One of the opposition’s activists is Jay Levy.
Levy: “I’m a general dentist, I practice over here on Southwest 10th.”
Levy met with me back when the opposition campaign was still trying to get on the ballot, before the city scheduled a referendum. He felt so strongly about the issue, he was taking breaks from his practice several times a week to gather signatures and talk to people as they stopped at the downtown food carts for lunch.
Levy: “Are you a registered voter in Portland?….you vote for Mayor…
Potential Voter: “I’m not happy about it. But you probably are, because you’re a dentist.”
Levy: “I’m not happy about it, I don’t think it belongs in the water supply.”
Levy’s background is in dental neurophysiology.
Levy: “First off, this is about public process. The public deserves the right to decide, and to review the evidence for themselves.”
Levy explained to anyone who asked during his canvassing that he feels water fluoridation sidesteps the real issues in dental health.
Levy: “I think the evidence is pretty clear that topical fluoride application is an OK thing to do. The most important message I give my patients is that we need to eat whole foods, eat three meals a day, nothing between meals but plain water… whole foods are in your lunch, I’m happy to see that…. we need fasting periods to wash residues away. I give this message to all my patients and it works!”
Levy says he knows it’s not easy, but he feels strongly it’s incumbent upon everyone – dentists and laypeople alike – to learn how to read the scientific literature and evaluate for themselves.
Levy says he thinks this is true for all communities, especially those that have traditionally suffered major dental problems.
Levy: “I’ve worked in public health settings. I’ve changed the diet of poor people in public health settings. I couldn’t reach everybody. When you’re working in a clinic you have time constraints. The offices aren’t really structured around preventative efforts and nutritional counseling.”
Other health providers who work with kids that don’t have good dental care take a different view.
Stafford: “Got your sunglasses son ready to go?
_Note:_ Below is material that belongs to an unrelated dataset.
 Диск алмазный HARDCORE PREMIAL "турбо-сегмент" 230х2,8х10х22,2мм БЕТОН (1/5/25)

Lean back we’ll take a peek.”
This Kaiser Permanente clinic in East Portland, Dr. Greg Stafford is working with a ten-year-old boy. At age 7, this boy had to be taken to a hospital, put under general anesthetic, and had ten decayed teeth removed.
“You’re doing beautifully, thank you!”
Stafford’s colleague, Dr. James Smith, grew up in the north end of Portland, and went to Jefferson High School. After getting his dental degree and spending a few decades in the Navy, he came back home. He observed that the quality of dental health hadn’t improved.
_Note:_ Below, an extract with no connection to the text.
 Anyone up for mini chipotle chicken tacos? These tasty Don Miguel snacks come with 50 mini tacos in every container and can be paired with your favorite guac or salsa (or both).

Smith: “Obviously the toothaches but the rampant carries, young kids who have to be taken to the hospital at a young age, that’s very concerning.”
Smith supports the fluoridation campaign. Other health care professionals who support the measure point out there are health risks and costs associated with putting children so young under anesthesia for dental procedures.
The cases Smith and Stafford see, they say, are bad enough. But Smith really worries about children who don’t have insurance, and who never come in.
Dental decay is preventable. It’s not rocket science, it’s not something new. It shouldn’t happen.
Back at the Portland Water Bureau, manager Andrew Degner stresses the Bureau does not take a stance on the ballot measure.
If the voters decide in favor of fluoridation, he will oversee construction of the system. If the voters reject fluoride, he’ll do nothing.